Loan to deposit ratio
This is the ratio of loans and advances expressed as a percentage of customer accounts, as presented in the 
statement of financial position.
Loan to value
Loan to value (‘LTV’) is an arithmetic calculation that expresses the amount of the loan as a percentage of the value 
of security/collateral. A high LTV indicates that there is less of a cushion to protect the lender against collateral price 
decreases or increases in the loan carrying amount if repayments are not made and interest is capitalised onto the 
outstanding loan balance.
Loans past due
When a borrower fails to make a contractually due payment, a loan is deemed to be past due. ‘Past due days’ 
is a term used to describe the cumulative number of days that a missed payment is overdue. Past due days 
commence from the close of business on the day on which a payment is due but not received. In the case of 
overdrafts, past due days are counted once a borrower:
• has breached an advised limit;
• has been advised of a limit lower than the then current amount outstanding; or
• has drawn credit without authorisation.

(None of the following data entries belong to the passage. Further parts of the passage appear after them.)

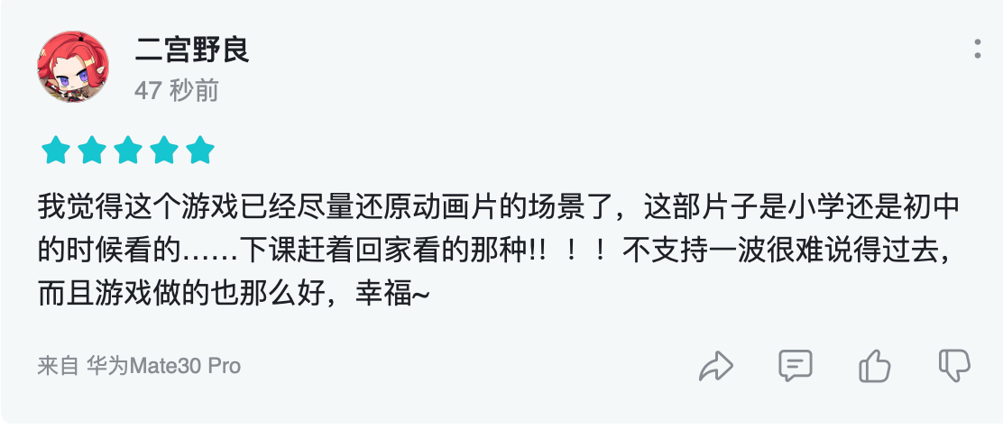 游戏上线后,在TapTap评论栏中,大多数留言有鼓励及赞扬向内容。游戏备受好评的关键点在于还原度,不少玩家感叹游戏完成高的同时,对经典场面的还原也是十分到位,“爷青回”、“童年回来了”这种词语每一页都能见到几个。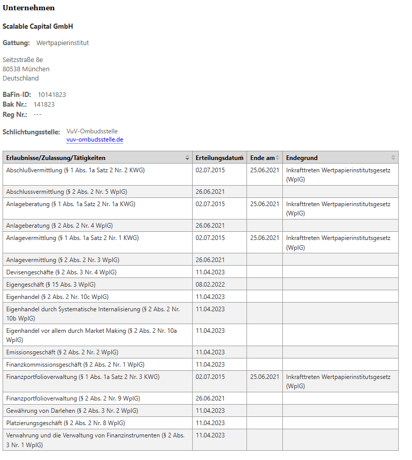 Eigenes Konto, eigenes Depot, wann wird Scalable Capital so wie auch Trade Republic eine Bank. Entsprechende Berichte in den Medien gab es dazu immer wieder und der Abschluss soll kurz bevor stehen, das war aber schon vor Wochen so. In der Unternehmensdatenbank der BaFin findet sich dazu noch kein Update und die Scalable Capital GmbH ist weiterhin als Wertpapierinstitut gelistet.
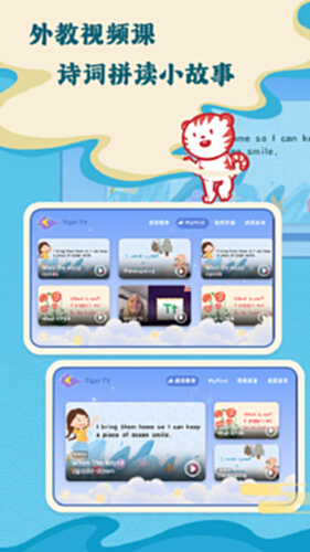 App内包括超过400节外教视频课,专业的欧美外教+中教组合课堂素质与成绩双提高,包括古诗讲解,自然拼读,寓言小故事等。提供孩子的全学科阅读题材,通识教育,全球视野。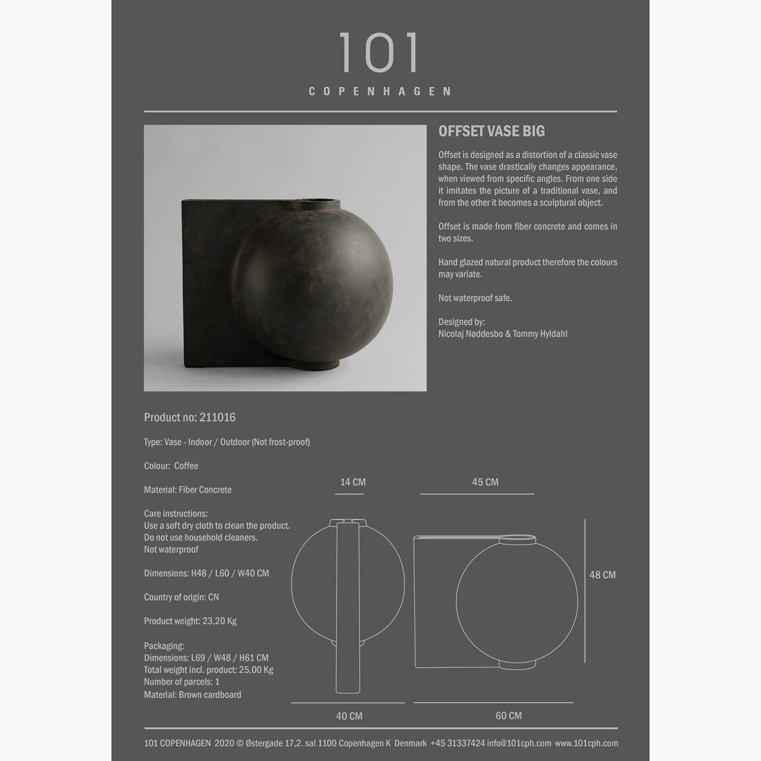 Offset is made from fiber concrete and comes in two sizes. Hand glazed natural product therefore the colors may variate. Not waterproof safe.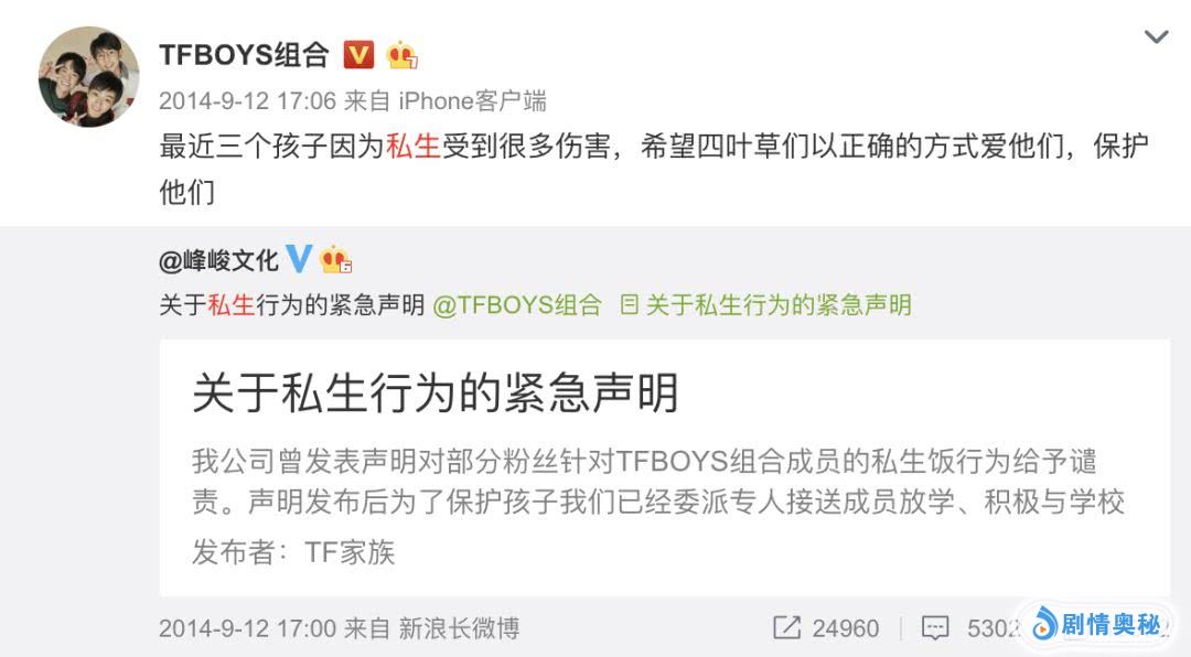 早在2014年,由王俊凯、王源、易烊千玺组成的“TFBOYS”组合就曾发表声明,公开斥责一些“私生饭”尾随、偷拍、追车,甚至在成员学校、家门围堵等的恶劣行为。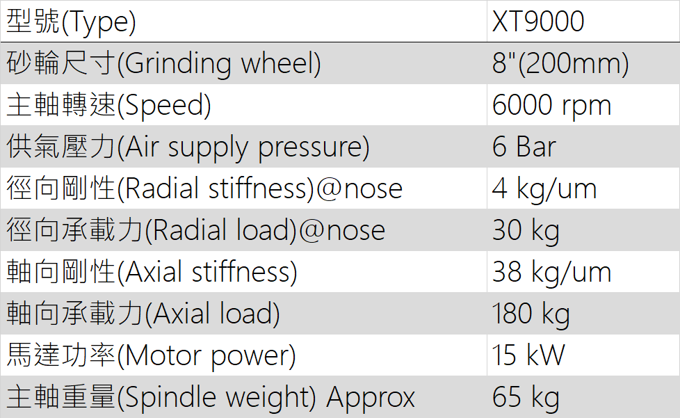 台灣自行研發製造的高精度氣靜壓研磨主軸,採用非接觸式氣靜壓軸承科技,相較於傳統的滾珠軸承主軸,具有高運動精度、低振動、高剛性、低噪音、優秀阻尼及高潔淨度等優勢。面對半導體的高精度加工需求,本氣靜壓研磨主軸在長時間精度維持、重現性保持、低熱變位有著優秀表現。本公司亦提供客製化服務以滿足客戶的各式應用。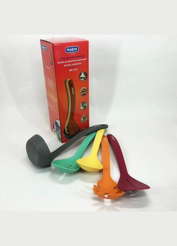 Количество предметов: 5 шт Шумовка – 32,5 х 11,2 см Ложка для спагетти – 33 х 6,3 см Ложка для салата – 29,5 х 7 см Половник – 30,5 х 9 см Лопатка – 31,5 х сил 9,5 см Материал – пластик

When a borrower is past due, the entire exposure is reported as past due, rather than the amount of any excess 
or arrears.
Loss Given Default
Loss Given Default (‘LGD’) is the expected or actual loss in the event of default, expressed as a percentage of 
‘exposure at default’.
Medium term notes
Medium term notes (‘MTNs’) are notes issued by the Group across a range of maturities under the European  
Medium Term Notes (‘EMTN’) and the Global Medium Term Notes (‘GMTN’) programmes.
Minimum requirements 
for own funds and 
eligible liabilities (MREL)
A European Union wide requirement under the Bank Recovery and Resolution Directive for all European banks and 
investment banks to hold a minimum level of equity and/or loss absorbing eligible liabilities to ensure the operation 
of the bail-in tool to absorb losses and recapitalise an institution in resolution.
National Asset 
Management Agency
National Asset Management Agency (‘NAMA’) was established in 2009 as one of a number of initiatives taken by the 
Irish Government to address the serious problems which arose in Ireland’s banking sector as the result of excessive 
property lending. 
Net interest income
The amount of interest received or receivable on assets net of interest paid or payable on liabilities.
Net interest margin
Net interest margin (‘NIM’) is a measure of the difference between the interest income generated on average 
interest earning financial assets (lendings) and the amount of interest paid on average interest bearing financial 
liabilities (borrowings) relative to the amount of interest-earning assets.
Net Stable Funding 
Ratio
Net Stable Funding Ratio (‘NSFR’): The ratio of available stable funding to required stable funding over a 1 year time 
horizon.
New transaction 
lendings
New transaction lending is defined as incremental increase in drawn balances against facilities granted for a specific 
period of time whereby the borrower can draw down or repay amounts as required to manage cash flow. It includes 
revolving credit facilities, overdrafts and invoice discounting facilities.
Non-performing 
exposures
Non-performing exposures are defined by the European Banking Authority to include material exposures which are 
more than 90 days past due (regardless of whether they are credit impaired) and/or exposures in respect of which 
the debtor is assessed as unlikely to pay its credit obligations in full without realisation of collateral, regardless of the 
existence of any past due amount or the number of days the exposure is past due.
Off-balance sheet items 
Off-balance sheet items include undrawn commitments to lend, guarantees, letters of credit, acceptances and other 
items as listed in Annex I of the CRR.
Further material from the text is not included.